While the play is serious about relationships, there is level of humour throughout, and we get to see characters from our own experience and hear the conversations we have had with our own children or parents.
Jennifer Ward-Lealand presents a brilliantly realised dipsomaniac Martha, who wallows in her predicament, incapable of getting help apart from her too willing son. She provides Martha with a set of personae that reveal her almost schizophrenic approach to life and her family.
Dan Weekes as Henry, the apparent rock of the family, gives the character a taut exterior which only just manages to hide the brittle inner person.
Mia, who could be the playwright’s alter ego has a complex and ill defined role, somewhere between observer and provocateur. Chelsie Preston Crawford manages to convey that most of the time but occasionally seems lost on the stage.

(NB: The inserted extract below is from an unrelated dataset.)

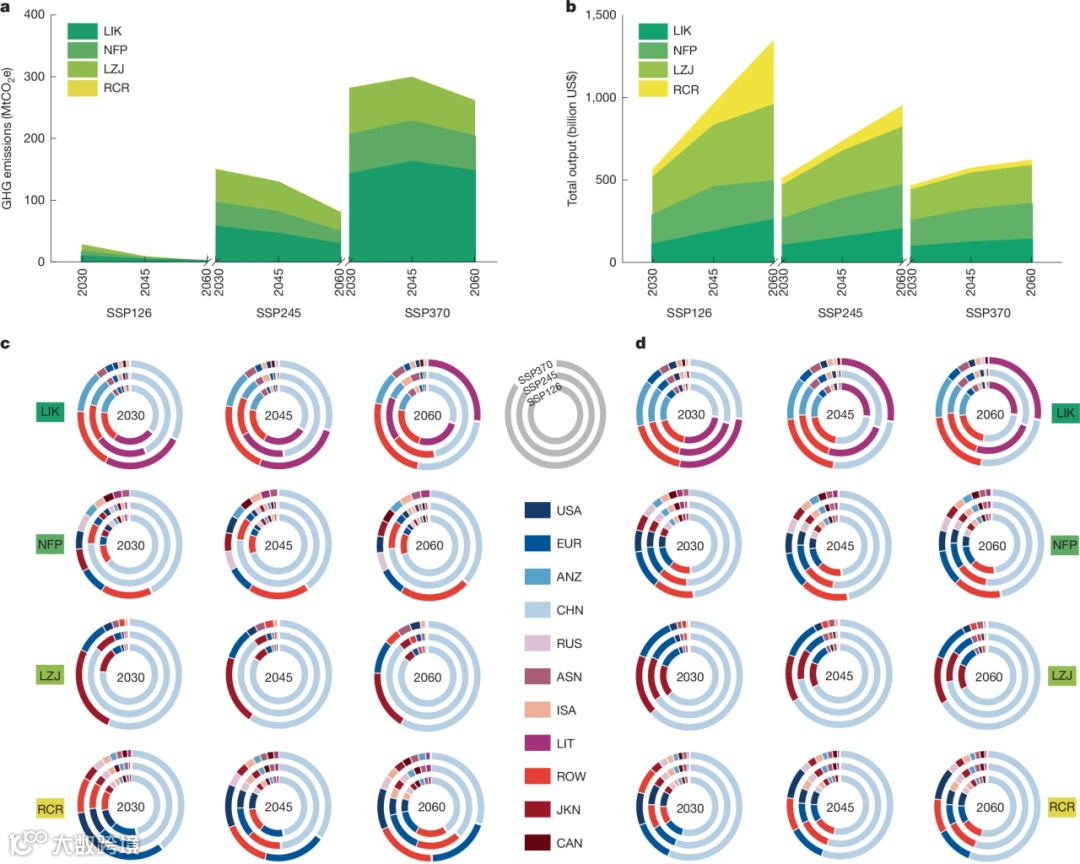不同循环利用情景下的区域和部门排放变化
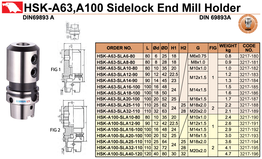 • Bầu Kẹp Dao Phay Sidelock Chuôi HSK-A63, HSK-A100-SLA (HSK-A63,A100 Sidelock End Mill Holders) HSK-A63-SLA6-80, HSK-A63-SLA8-80, HSK-A63-SLA10-80, HSK-A63-SLA12-90, HSK-A63-SLA14-90, HSK-A63-SLA16-100, HSK-A63-SLA18-100, HSK-A63-SLA20-100, HSK-A63-SLA25-110, HSK-A63-SLA32-110, HSK-A100-SLA10-80, HSK-A100-SLA12-90, HSK-A100-SLA16-100, HSK-A100-SLA20-100, HSK-A100-SLA25-110, HSK-A100-SLA32-110, HSK-A100-SLA40-120

Rose McIvor as self-centred, vaguely amoral Izzy provides a clever role in seducing both Mia and Henry, showing the early onset of some of Martha’s problems.
Andrew Grainger as the husband Hugh, gives a suitably sympathetic and belligerent performance while Edith Poor gives her small role as Alice a subtle element of the sinister.
The white set designed by Simon Coleman with a bed surrounded by the detritus of everyday life is a nice metaphor for the pristine exterior and the inner shambles of the lives of the main characters.